Лучшим местом, куда я мог отвести её, была моя комната. Если мама раньше придёт домой, она не побеспокоит нас там. И, конечно, Сьюзан навряд ли захочет, чтобы кто-нибудь увидел её в таком состоянии.
Нежно держа за плечи, я подвёл её к своей кровати. Опустившись на самый край, она так ужасно выглядела, словно в моей комнате сидел оленёнок Бэмби после столкновения с грузовиком. Она натянула рукава толстовки на кисти рук и вытерла ими глаза.
Чтобы спасти её милую толстовку, я протянул ей пачку бумажных платков, лежавших в столе. Когда она вытащила один и собралась высморкаться, меня осенила мысль. На моей кровати сидела прекрасная девушка, даже несмотря на то, что её лицо было опухшим от слёз. А что, если она высморкается сейчас так громко, словно слон, как Лорен высморкалась на днях? Разрушит ли это очарование, которым она удерживала меня?
Сью вытерла глаза платком и тихо промокнула нос.
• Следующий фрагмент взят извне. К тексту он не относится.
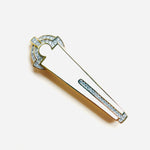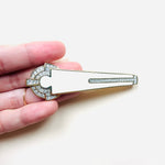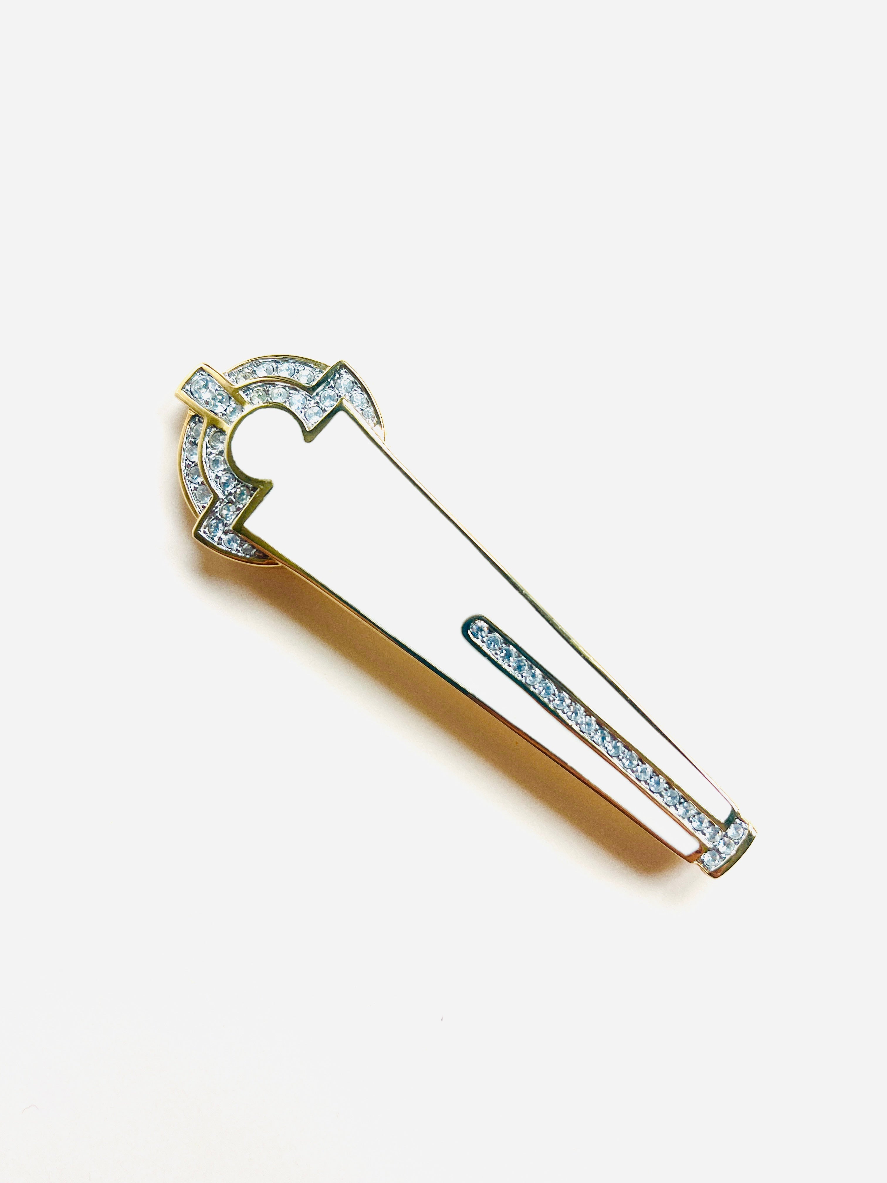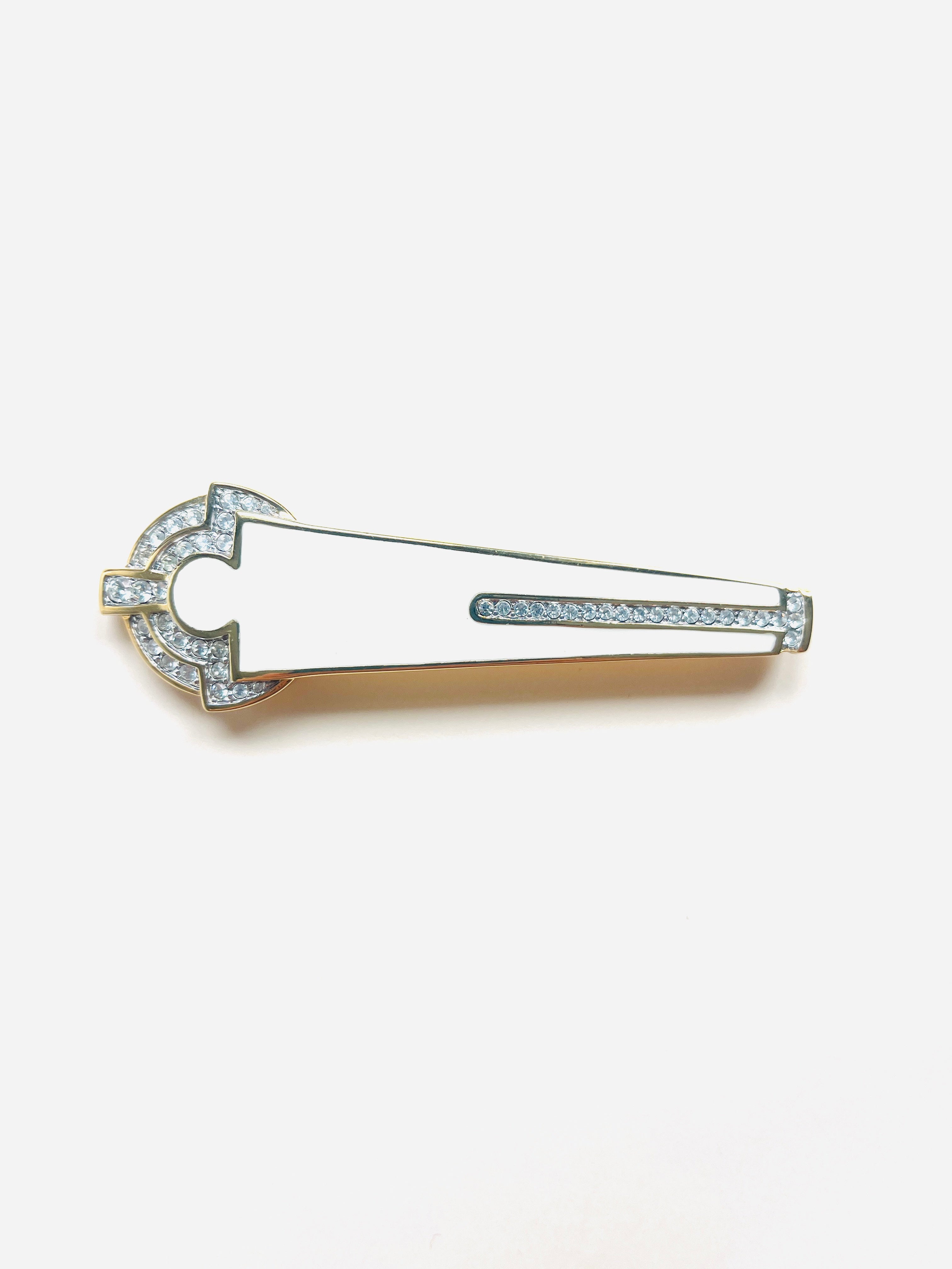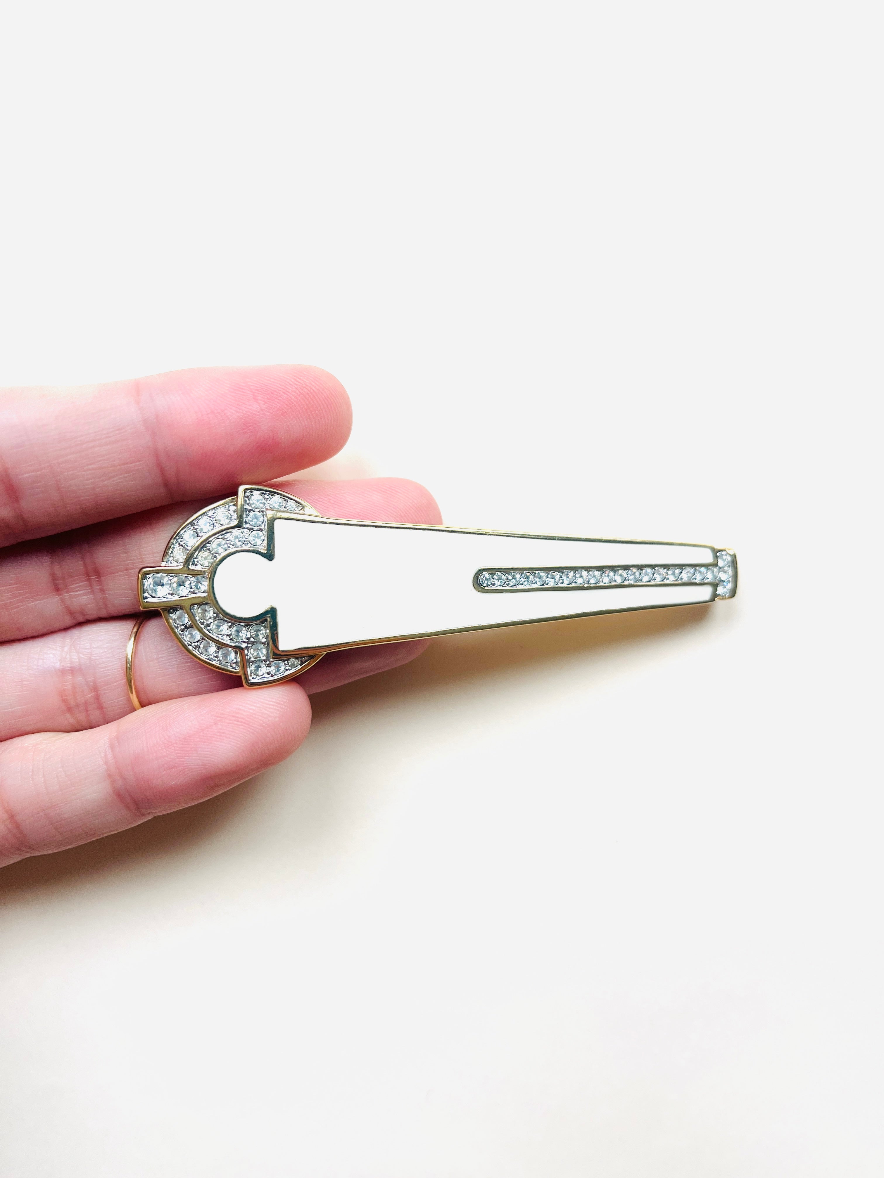 Broche vintage original de los años 90 con base dorada y esmaltado blanco con apliques en cristal blanco.
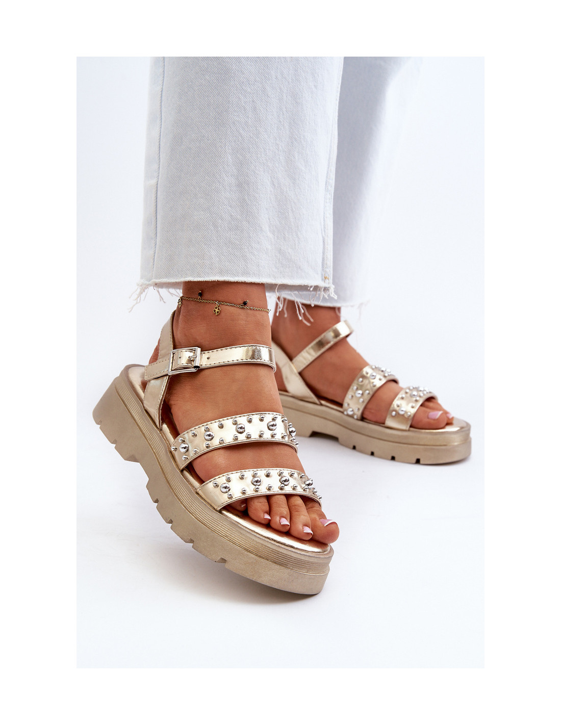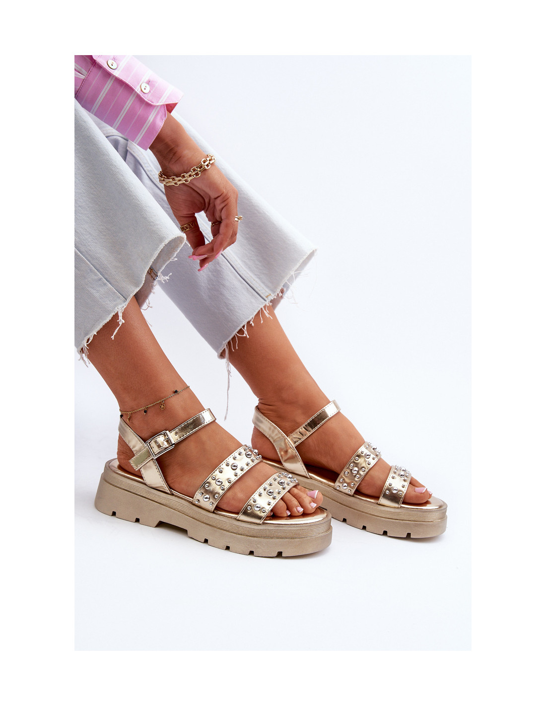 Moteriškos dekoruotos basutės Eco Leather Gold Arcida
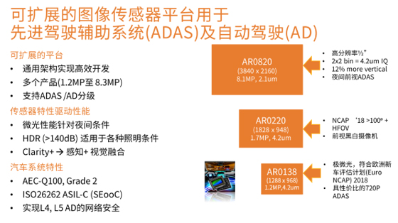 安森美這可擴展的圖像傳感器系列包含從130萬像素到830萬像素的多款產品,具有卓越的微光性能和>140 dB的高動態范圍,Clarity+實現感知+視覺的融合,且都符合AEC-Q100車規和ISO26262 ASIL-C,采用通用架構,使汽車OEM充分利用現有器件的軟件和算法,實現高效開發。其中,4.2 um的AR0138是高性價比的720P ADAS攝像頭的理想選擇,超低照,符合歐洲新車評估計劃(Euro NCAP);4.2 um的AR0220比AR0138的分辨率稍高;AR0820分辨率最高達830萬像素,適用于夜間前視ADAS和更高級別的自動駕駛。
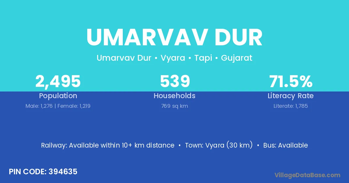 Vyara (30 km) is the nearest town to Umarvav Dur village for major economic activities and is located approximately 30 km away.
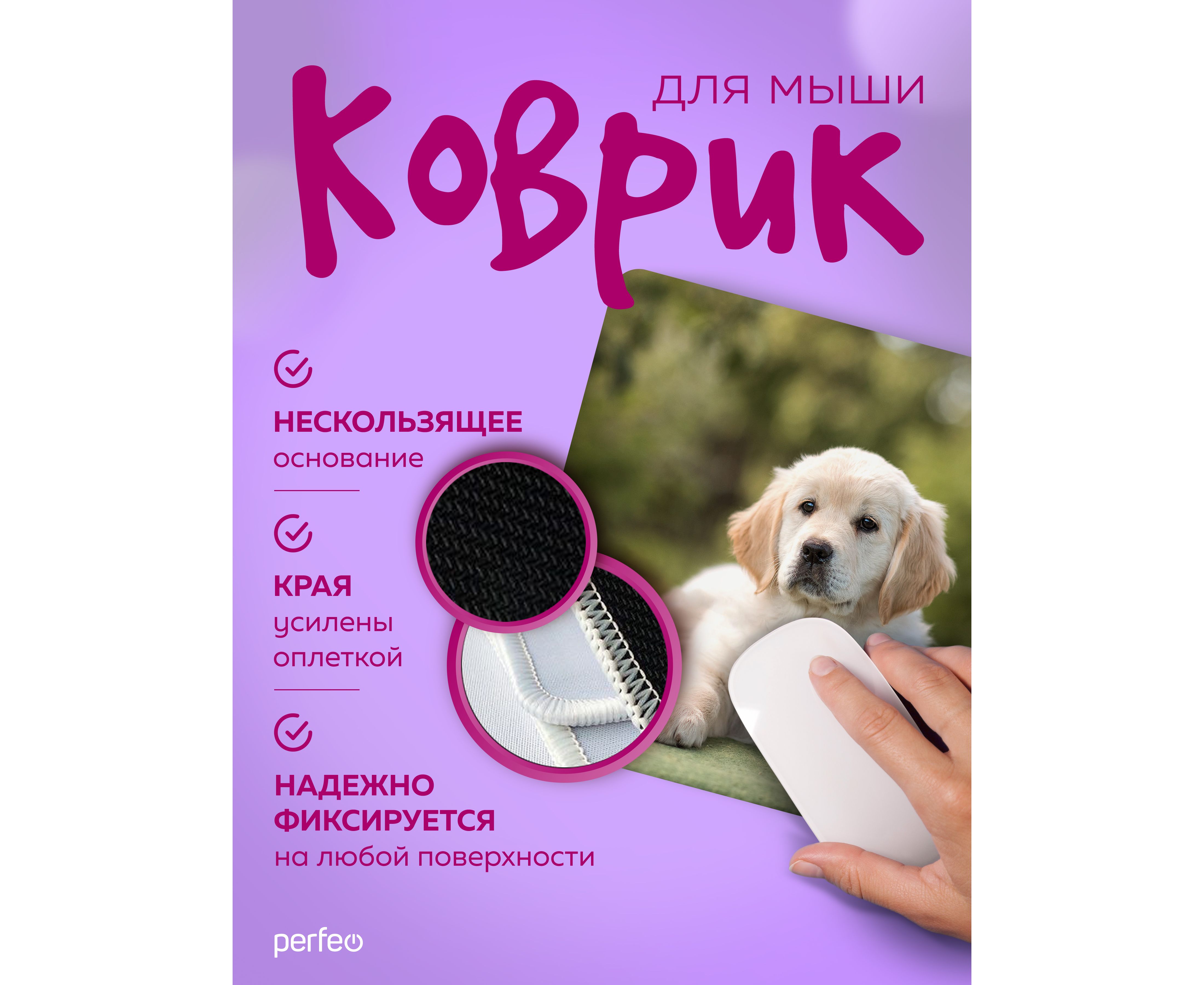 Компьютерный коврик для мыши из серии DOG обладает гладкой тканевой поверхностью, которая обеспечивает точность и плавность движения - мышь скользит быстро и четко. Оверлочная строчка по краю увеличивает износостойкость и срок службы. Нескользящая резиновая основа надёжно фиксирует коврик на столе. Небольшой вес и хорошая гибкость позволят Вам взять коврик для мыши куда угодно для комфортного пользования ноутбуком. Качественный принт будет вас долгое время радовать. Подходит для оптических и лазерных мышей с любой чувствительностью и любым типом сенсора.

Я почти улыбнулся от облегчения, что было бы совершенно не к месту. Вспомнив, почему вообще проводил её внутрь, я быстро отдернул себя.
– Не уходи. Я сейчас вернусь. – После того, как она кивнула мне, я вприпрыжку побежал на кухню.
Я в спешке включил чайник и стал искать подходящий чай в коробке с чайными пакетиками. Клубника с ванилью. То, что надо, чтобы успокоить страдания Сьюзан. Когда вода вскипела, я налил кипяток в кружку, из которой пью кофе на завтрак, и окунул в неё пакетик чая, пока вода не стала темно-розовой. Сразу разлетелся сладкий запах. Надеюсь, что ей также нравился клубничный чай, как и настоящая клубника.
От этой мысли я замер, развернулся и посмотрел на то место на разделочном столе, где она сидела в предыдущий раз, когда была у нас в гостях. Где я её поцеловал. И эти сладкие драгоценные воспоминания навсегда сохранятся в моем сердце. Ко мне вернулось знакомое чувство предательства, которое преследовало меня всю неделю, после того как она выскользнула из спальни моего брата, но я быстро попытался отогнать его подальше. Сейчас я не должен думать о своих обидах, сейчас имеет значение только Сью и её проблемы в семье. Ей нужен кто-то, на кого она может опереться, и сейчас этим кем-то был я.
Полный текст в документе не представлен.